Big discussions can lead to big changes, not necessarily in rapid-fire fashion, but at a more comfortable pace. This post is about a school that saw the need for big discussions, had the leadership and courage to enter the arena, and has created some profound ripple-on effects.  A dam broke, not only freeing up time in the schedule to teach in ways that point to the future instead of the past, but also in creativity and mindset that has opened up remarkable learning options for the students.

Berkeley Carroll School is a K-12 in Brooklyn with more than 800 students.  I visited the Upper School, and spent a day talking with teachers, administrators and some really bright students before speaking to a meeting of the faculty.  BC is just getting used to some new over-the-summer renovation, including a unique student-teacher common area where both groups work and hang out during both dedicated and unallocated free time.

BC has engaged an all-school conversation about aligning learning to the school mission, which contains three main words: “ethical, critical, global”.  BC is extremely intentional about ensuring that what goes on in the classroom really does reflect these three words.  Liz Perry is the Director of Educational Design and Innovation (once again, do you have a person with that title at your school?).  Liz says, “’Critical’ is in our mission, but what does this mean in the classroom?  It means we should spend less time thinking about what teachers are teaching and more time thinking about what students are learning.  When classes are about content and teachers charisma, the students are relying on the teacher too much.  The world is going toward a more blended learning environment where the students need to rely on themselves and each other more.”

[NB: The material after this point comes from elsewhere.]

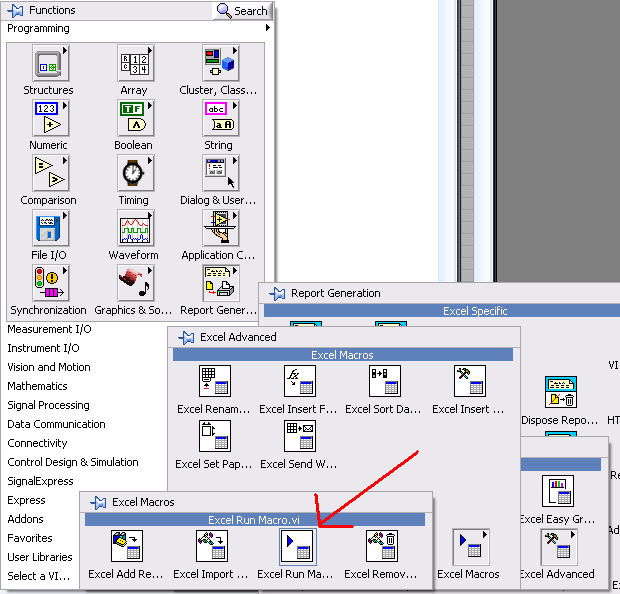 ' schrieb:Da gibt's unter "Report Generation" -> "Excel Specific" -> "Excel Advanced" -> "Excel Macros" das VI "Excel Run Macro.vi". Damit sollte es funktionieren. Ich verwende "Word Run Macro" und da klappt es problemlos.

This alignment conversation led directly to a faculty-led discussion of the AP program.    Teachers started sharing with each other their goals for students, and realized that those goals were not met by the narrow, content-focused AP curricula.  They also felt that tracking students ran counter to the democratic nature of the school’s vision.  As consensus grew, Head Bob Vitalo re-set the target from “will we teach AP’s?” to “what will our post-AP world look like?”  Director of College Counseling Brandon Clarke said the vision directive was this: “We are no longer going to teach the AP’s. Write the best class you can that includes important topics and outcomes you want to see”.  The faculty got excited about this freedom and authority and got to work. The college counselors ensure that BC has a strong school guide and clear explanation of the powerful new courses that have been created, they communicate well with college admissions offices, and the evidence is clear that dropping the AP’s has not been a negative for their college acceptances.

By opening these doors of thinking with the faculty, BC has organically developed and adopted a series of fabulous new course options.  I got to speak with both teachers and students who are involved in them; I won’t do them full justice here, so if you want to learn more, contact BC.  They are all highly exportable and do not come with a large price tag.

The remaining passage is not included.